1. The Wrong Mental Model

Most people still profile agent systems as if they were either training jobs or steady-state token generators. They are neither.

The execution pattern of an agent is a long dependency chain of short critical sections. A runtime issues work to a model server, a tool process, a remote RPC endpoint, a filesystem, a browser session, or a local sandbox. Then it blocks in epoll_wait(), io_uring_enter(), a futex, an eventfd, a timerfd, or a socket receive path. The next visible unit of user experience is therefore determined by what the kernel does with the completion, not only by what the model did before the completion.

agent step:
  submit work
  block on event source
  device or remote side completes
  IRQ fires
  softirq / blk-mq / task_work / wake_q path runs
  target task becomes runnable
  scheduler chooses CPU
  task returns to userspace
  parse / plan / emit next operation
  repeat

critical latency =
  completion_to_runnable
+ runnable_to_oncpu
+ idle_exit
+ freq_ramp
+ cache_and_tlb_rewarm
+ userspace_resume

That means the relevant optimization target is not “faster model kernel launch” in isolation.
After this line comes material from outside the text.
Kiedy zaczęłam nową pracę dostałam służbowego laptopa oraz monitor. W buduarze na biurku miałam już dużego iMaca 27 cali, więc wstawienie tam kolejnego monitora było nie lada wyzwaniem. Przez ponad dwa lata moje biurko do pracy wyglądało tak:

It is minimizing the variance and mean of the completion-to-next-issue loop. If you lose 80 microseconds at wakeup, 120 microseconds to frequency ramp, 60 microseconds to migration and cold-cache effects, and 50 microseconds to an avoidable TLB disturbance, you have already lost more than many agent frameworks spend on the actual control logic for a step.

Key reframing: the operating system is part of the agent runtime. Linux is not a neutral substrate here; it actively shapes how quickly one reasoning step can become the next.
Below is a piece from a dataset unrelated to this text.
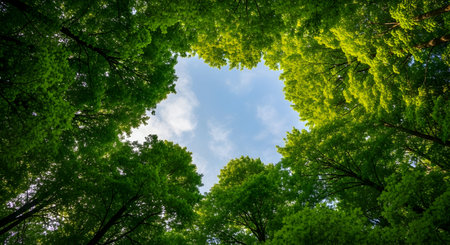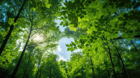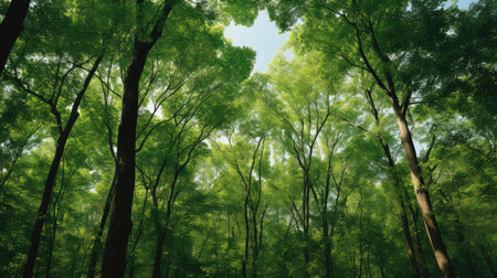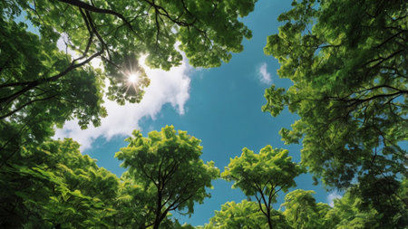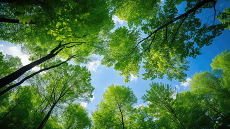 Looking up at the green tops of trees. An amazing and realistic illustration created by Artificial intelligence.

2. The Critical Path Through Linux

The chain below is where I would focus the first six months of serious systems work. Every stage is measurable, and every stage has architecture-specific failure modes.
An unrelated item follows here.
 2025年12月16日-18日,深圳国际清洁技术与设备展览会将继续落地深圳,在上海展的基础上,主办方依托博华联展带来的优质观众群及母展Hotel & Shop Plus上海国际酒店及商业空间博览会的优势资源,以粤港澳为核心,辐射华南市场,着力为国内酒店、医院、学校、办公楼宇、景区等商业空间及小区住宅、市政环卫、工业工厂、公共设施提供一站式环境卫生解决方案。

Figure 1. Agent responsiveness depends on the entire completion-to-next-issue loop, not only model execution time.

Stage	Kernel structures involved	Typical failure mode	What I would change
Completion arrival	MSI/MSI-X, IRQ descriptors, blk-mq tags, NAPI poll lists	IRQ lands on a distant or noisy CPU	Preserve a home CPU or home cluster for step-critical control threads and bias completion toward it
Deferred completion	softirq, task_work, workqueues, ksoftirqd	Completion falls out of the fast path into overloaded generic contexts	Stronger affinity propagation and reduced handoff count for latency-marked flows
Wakeup	wake_q, ttwu, rq selection, EEVDF/CFS placement	Task wakes on the wrong CPU or after unnecessary migration	Locality-preserving wakeup placement and anti-migration windows
Resume on CPU	cpuidle, cpufreq, schedutil, uclamp, idle governors	CPU is in the wrong idle state or at the wrong frequency	Windowed performance floors and shallow-idle bias during active control loops
Userspace run	TLB, page tables, slab, page allocator, page cache	Cold TLBs, remote memory, reclaim noise, mmap churn	Step-local memory stability accounting and control-plane-local allocators

3. Scheduler: Wakeup Determinism Beats Average Fairness

The default scheduler objective is fairness and high aggregate utilization, not minimal boundary latency for bursty orchestration threads. For agents, the highest-value scheduler improvement is not a new general-purpose class for everything. It is a precise recognition of step-critical threads whose wakeup-to-run delay dominates user-visible latency even when they consume little CPU time overall.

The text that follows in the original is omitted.